FIG. 4 shows a detection unit of a paper sheet identification device that discriminates a paper sheet having color shift ink by a light emitting unit composed of a plurality of (two in this embodiment) light emitting elements and a light receiving unit composed of one light receiving element. FIG. Hereinafter, the paper sheet identification apparatus including this detection unit will be described with reference to FIGS.
In the following, description will be made centering on parts that operate differently from the first embodiment.

  The detection unit of the paper sheet identification apparatus shown in FIG. 4 includes two light emitting elements that separately irradiate irradiation light onto the transport path 1 that transports the paper sheet 5 and the paper sheet 5 transported on the transport path 1. 2a, 2b, a condenser 4 (for example, a prism, a mirror, etc.) that is a condenser for changing and adjusting the path of reflected light 6 and 7 of the paper sheet with respect to the irradiation light, and a condenser, And a light receiving element 3 that receives reflected lights 6 and 7 having different paths condensed by 4.

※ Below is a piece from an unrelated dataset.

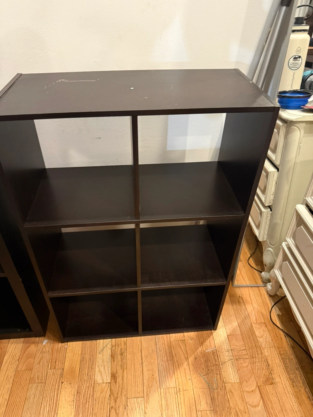 Selling a dark brown storage shelf with 6 cube compartments! It's great for organizing books, toys, or decor. There are some minor scratches on the top surface.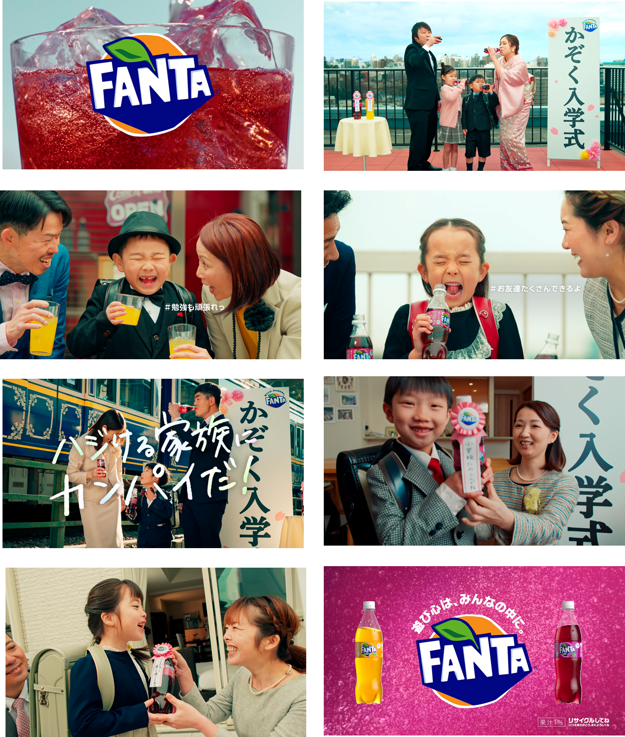 こうした中、家族みんなが笑顔になれる楽しい時間を応援する「ファンタ」は、「せっかくの入学式だから家族全員でハジける笑顔を残したい」という想いを叶えるべく、“かぞく入学式”と題して、ご自宅にて家族だけで行う新一年生お祝いの記念撮影を企画、撮影に参加してくださるご家族をTwitterなどで募集しました。本CMは、その“かぞく入学式”の様子をおさめたもので、新入学のお祝いに「ファンタ」で乾杯する様子や、この日初めて「ファンタ」を飲んだ子どもたちのリアルなリアクションなど、笑顔いっぱい、喜びに満ちた家族のシーンが凝縮されています。

  The light emitting element 2a irradiates the range including the target point 1a but not including the target point 1b, and the light emitting element 2b irradiates the range including 1b but not including the target point 1a. The light emitting element 2a alternately irradiates the target point 1a and the light emitting element 2b alternately irradiates the target point 2b in a time division manner. The condenser 4 separately collects the reflected light 6 from the target point 1a based on the irradiation light of the light emitting element 2a and the reflected light 7 from the target point 1b based on the irradiation light of the light emitting element 2b. The light receiving element 3 separately receives the reflected light 6 based on the irradiation light of the light emitting element 2a collected by the condenser 4 and the reflected light 7 based on the irradiation light of the light emitting element 2b.

  That is, in Example 1, the reflected lights 6 and 7 from the target points 1a and 1b with respect to the irradiation light emitted from the light emitting element 2 are received by the light receiving element 3 as the added light reception data. The reflected lights 6 and 7 from the target points 1a and 1b irradiated with the irradiation light alternately by the light emitting elements 2a and 2b are alternately condensed and received in a time division manner, and are separated and stored as received light data. Stored in the sections 11a and 11b.

  FIG. 5 is a circuit block diagram of the paper sheet identification apparatus including the detection unit shown in FIG. Hereinafter, each part will be described.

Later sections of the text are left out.